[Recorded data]
----------

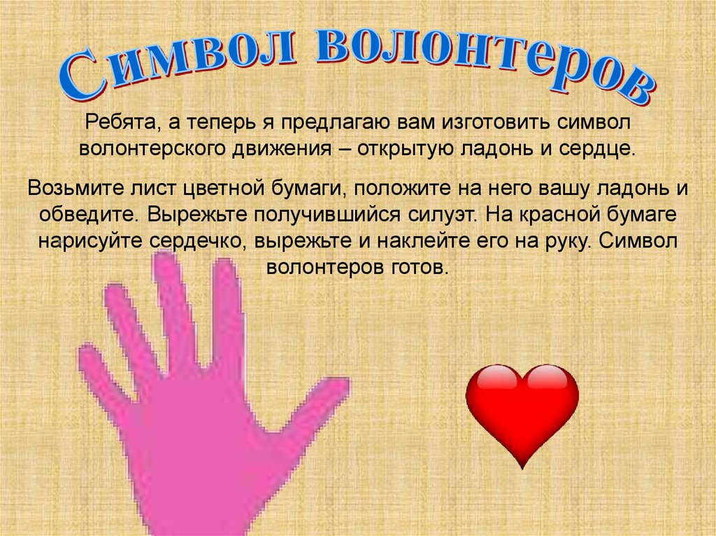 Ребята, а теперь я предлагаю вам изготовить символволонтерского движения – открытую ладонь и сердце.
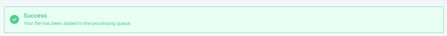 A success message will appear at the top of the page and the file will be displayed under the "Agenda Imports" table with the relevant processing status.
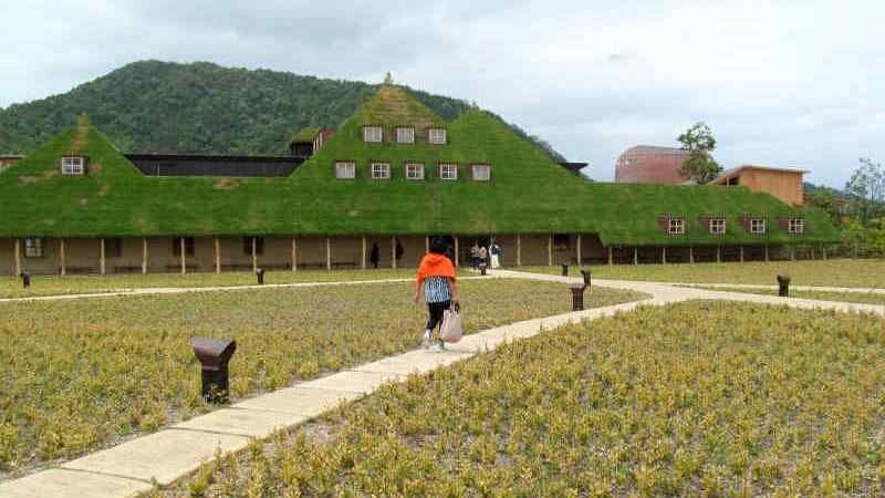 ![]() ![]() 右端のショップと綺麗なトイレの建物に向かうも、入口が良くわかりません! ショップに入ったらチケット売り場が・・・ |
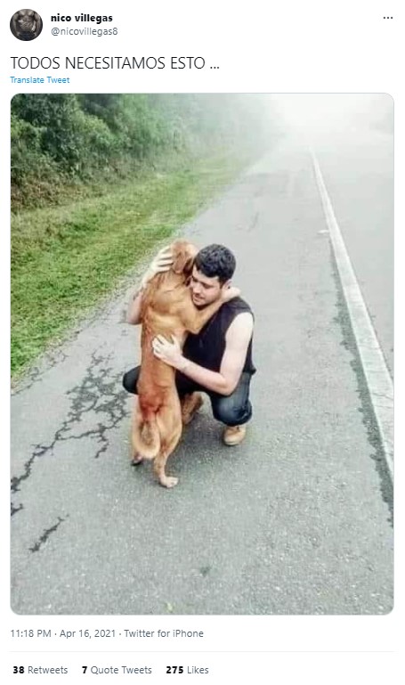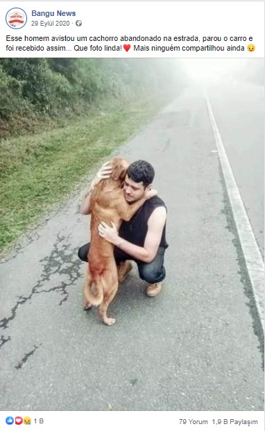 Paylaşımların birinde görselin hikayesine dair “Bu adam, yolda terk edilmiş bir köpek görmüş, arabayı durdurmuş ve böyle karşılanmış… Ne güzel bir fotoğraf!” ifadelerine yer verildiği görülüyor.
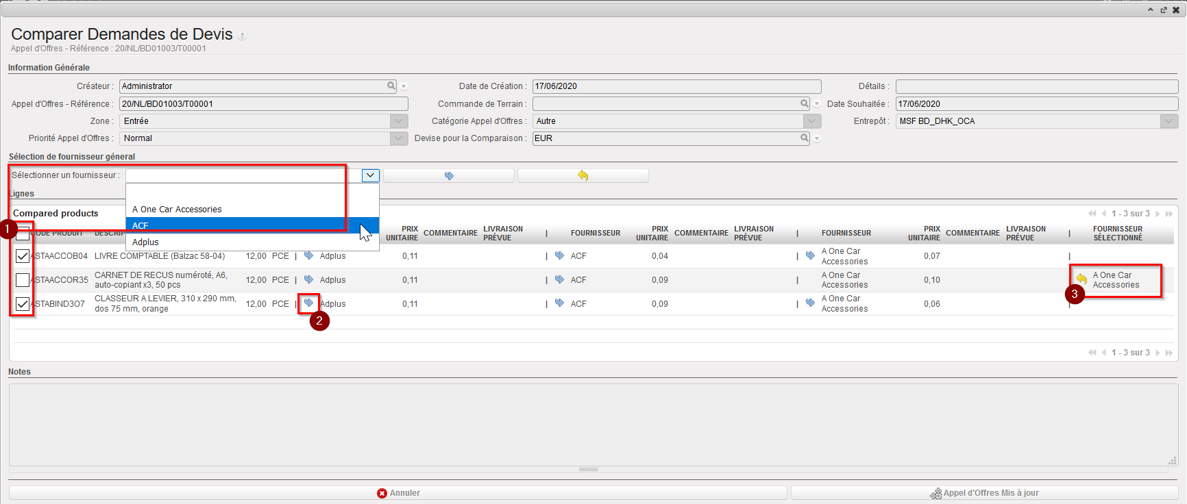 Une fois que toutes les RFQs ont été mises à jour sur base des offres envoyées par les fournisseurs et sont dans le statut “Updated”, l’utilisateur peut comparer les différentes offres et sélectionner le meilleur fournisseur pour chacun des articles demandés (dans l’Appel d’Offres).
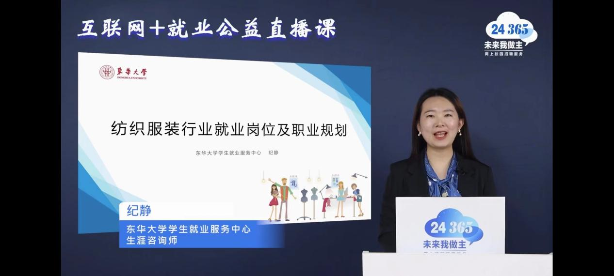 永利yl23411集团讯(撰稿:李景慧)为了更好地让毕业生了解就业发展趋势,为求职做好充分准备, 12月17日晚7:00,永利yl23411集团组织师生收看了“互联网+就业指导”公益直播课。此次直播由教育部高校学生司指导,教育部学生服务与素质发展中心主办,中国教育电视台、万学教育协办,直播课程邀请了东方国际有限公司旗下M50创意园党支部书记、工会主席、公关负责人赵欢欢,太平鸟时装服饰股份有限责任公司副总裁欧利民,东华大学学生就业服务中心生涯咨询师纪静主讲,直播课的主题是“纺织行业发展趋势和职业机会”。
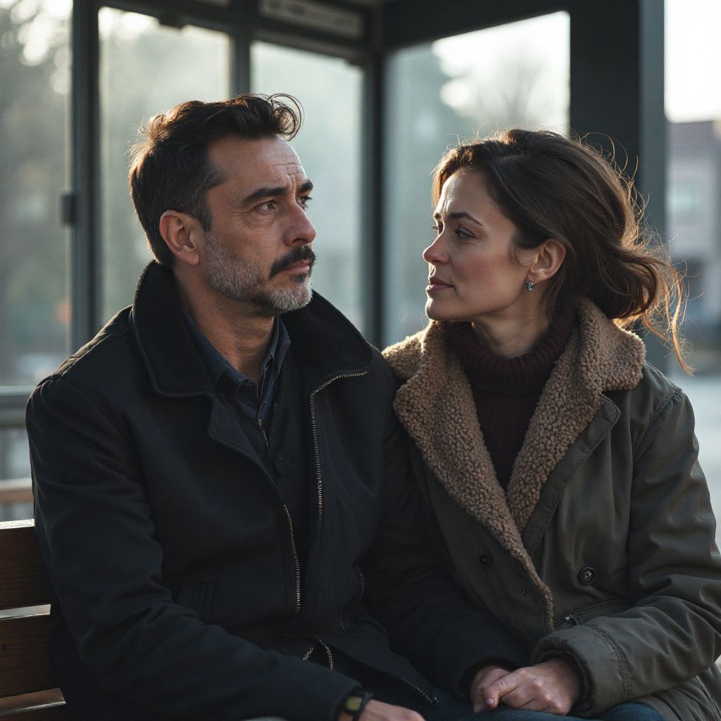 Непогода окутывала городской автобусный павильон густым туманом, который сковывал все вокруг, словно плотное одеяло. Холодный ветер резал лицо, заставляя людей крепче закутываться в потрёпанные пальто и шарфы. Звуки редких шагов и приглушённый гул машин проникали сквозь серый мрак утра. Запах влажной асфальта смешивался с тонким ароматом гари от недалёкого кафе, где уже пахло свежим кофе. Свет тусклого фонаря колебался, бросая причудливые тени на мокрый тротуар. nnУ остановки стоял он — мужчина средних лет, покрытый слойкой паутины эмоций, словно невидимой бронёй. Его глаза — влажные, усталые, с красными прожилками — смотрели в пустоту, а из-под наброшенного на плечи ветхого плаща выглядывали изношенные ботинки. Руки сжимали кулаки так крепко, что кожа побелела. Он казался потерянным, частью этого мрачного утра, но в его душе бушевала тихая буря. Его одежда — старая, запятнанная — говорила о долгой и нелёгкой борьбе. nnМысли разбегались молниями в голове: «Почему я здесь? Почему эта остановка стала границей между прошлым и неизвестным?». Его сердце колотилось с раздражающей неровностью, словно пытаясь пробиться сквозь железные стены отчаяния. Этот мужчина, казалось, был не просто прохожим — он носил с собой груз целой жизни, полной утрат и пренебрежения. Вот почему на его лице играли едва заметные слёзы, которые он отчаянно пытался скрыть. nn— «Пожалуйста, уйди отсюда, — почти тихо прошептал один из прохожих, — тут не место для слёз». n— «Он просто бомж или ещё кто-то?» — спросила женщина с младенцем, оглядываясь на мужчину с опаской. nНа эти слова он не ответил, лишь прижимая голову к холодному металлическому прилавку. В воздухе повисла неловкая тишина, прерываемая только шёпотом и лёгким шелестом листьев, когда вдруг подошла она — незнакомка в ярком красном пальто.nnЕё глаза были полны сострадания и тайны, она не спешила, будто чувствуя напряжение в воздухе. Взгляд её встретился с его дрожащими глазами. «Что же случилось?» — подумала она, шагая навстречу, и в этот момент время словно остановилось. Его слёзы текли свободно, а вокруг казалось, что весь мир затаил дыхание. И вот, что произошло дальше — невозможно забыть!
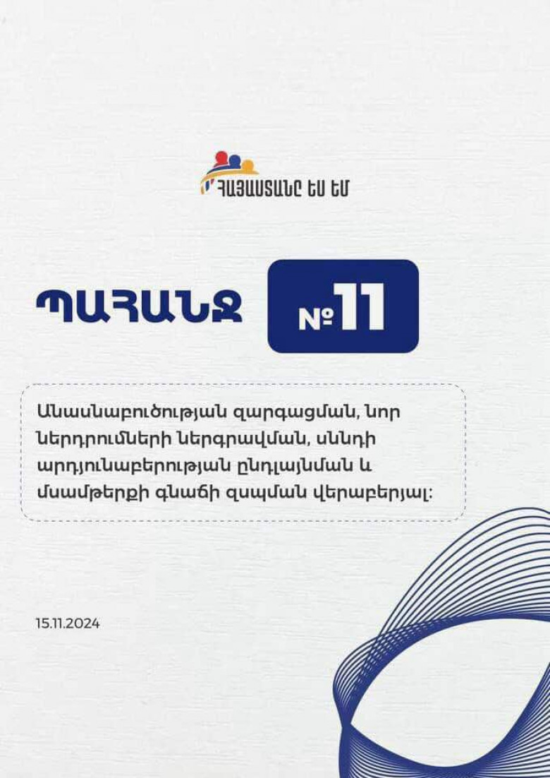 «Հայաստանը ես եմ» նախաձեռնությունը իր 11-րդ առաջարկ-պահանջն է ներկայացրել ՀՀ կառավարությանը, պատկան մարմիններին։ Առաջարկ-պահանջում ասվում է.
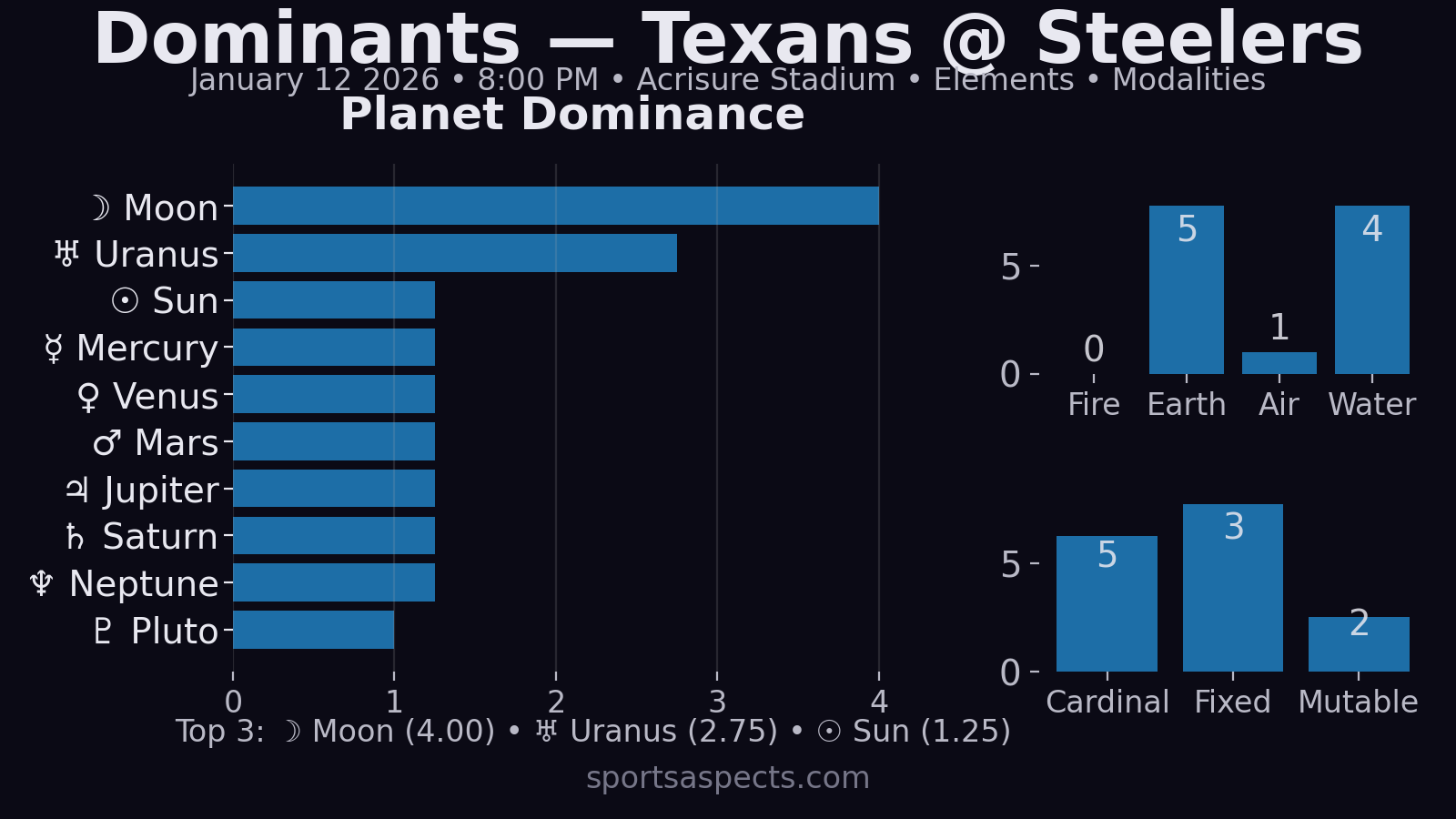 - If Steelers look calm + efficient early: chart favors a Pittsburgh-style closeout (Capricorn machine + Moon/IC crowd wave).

----------

# Exercise brief
Give every record again exactly, apart from the pictures, which stay out.

# Task result
 Ребята, а теперь я предлагаю вам изготовить символволонтерского движения – открытую ладонь и сердце.
 A success message will appear at the top of the page and the file will be displayed under the "Agenda Imports" table with the relevant processing status.
 ![]() ![]() 右端のショップと綺麗なトイレの建物に向かうも、入口が良くわかりません! ショップに入ったらチケット売り場が・・・ |
 Paylaşımların birinde görselin hikayesine dair “Bu adam, yolda terk edilmiş bir köpek görmüş, arabayı durdurmuş ve böyle karşılanmış… Ne güzel bir fotoğraf!” ifadelerine yer verildiği görülüyor.
 Une fois que toutes les RFQs ont été mises à jour sur base des offres envoyées par les fournisseurs et sont dans le statut “Updated”, l’utilisateur peut comparer les différentes offres et sélectionner le meilleur fournisseur pour chacun des articles demandés (dans l’Appel d’Offres).
 永利yl23411集团讯(撰稿:李景慧)为了更好地让毕业生了解就业发展趋势,为求职做好充分准备, 12月17日晚7:00,永利yl23411集团组织师生收看了“互联网+就业指导”公益直播课。此次直播由教育部高校学生司指导,教育部学生服务与素质发展中心主办,中国教育电视台、万学教育协办,直播课程邀请了东方国际有限公司旗下M50创意园党支部书记、工会主席、公关负责人赵欢欢,太平鸟时装服饰股份有限责任公司副总裁欧利民,东华大学学生就业服务中心生涯咨询师纪静主讲,直播课的主题是“纺织行业发展趋势和职业机会”。
 Непогода окутывала городской автобусный павильон густым туманом, который сковывал все вокруг, словно плотное одеяло. Холодный ветер резал лицо, заставляя людей крепче закутываться в потрёпанные пальто и шарфы. Звуки редких шагов и приглушённый гул машин проникали сквозь серый мрак утра. Запах влажной асфальта смешивался с тонким ароматом гари от недалёкого кафе, где уже пахло свежим кофе. Свет тусклого фонаря колебался, бросая причудливые тени на мокрый тротуар. nnУ остановки стоял он — мужчина средних лет, покрытый слойкой паутины эмоций, словно невидимой бронёй. Его глаза — влажные, усталые, с красными прожилками — смотрели в пустоту, а из-под наброшенного на плечи ветхого плаща выглядывали изношенные ботинки. Руки сжимали кулаки так крепко, что кожа побелела. Он казался потерянным, частью этого мрачного утра, но в его душе бушевала тихая буря. Его одежда — старая, запятнанная — говорила о долгой и нелёгкой борьбе. nnМысли разбегались молниями в голове: «Почему я здесь? Почему эта остановка стала границей между прошлым и неизвестным?». Его сердце колотилось с раздражающей неровностью, словно пытаясь пробиться сквозь железные стены отчаяния. Этот мужчина, казалось, был не просто прохожим — он носил с собой груз целой жизни, полной утрат и пренебрежения. Вот почему на его лице играли едва заметные слёзы, которые он отчаянно пытался скрыть. nn— «Пожалуйста, уйди отсюда, — почти тихо прошептал один из прохожих, — тут не место для слёз». n— «Он просто бомж или ещё кто-то?» — спросила женщина с младенцем, оглядываясь на мужчину с опаской. nНа эти слова он не ответил, лишь прижимая голову к холодному металлическому прилавку. В воздухе повисла неловкая тишина, прерываемая только шёпотом и лёгким шелестом листьев, когда вдруг подошла она — незнакомка в ярком красном пальто.nnЕё глаза были полны сострадания и тайны, она не спешила, будто чувствуя напряжение в воздухе. Взгляд её встретился с его дрожащими глазами. «Что же случилось?» — подумала она, шагая навстречу, и в этот момент время словно остановилось. Его слёзы текли свободно, а вокруг казалось, что весь мир затаил дыхание. И вот, что произошло дальше — невозможно забыть!
 «Հայաստանը ես եմ» նախաձեռնությունը իր 11-րդ առաջարկ-պահանջն է ներկայացրել ՀՀ կառավարությանը, պատկան մարմիններին։ Առաջարկ-պահանջում ասվում է.
 - If Steelers look calm + efficient early: chart favors a Pittsburgh-style closeout (Capricorn machine + Moon/IC crowd wave).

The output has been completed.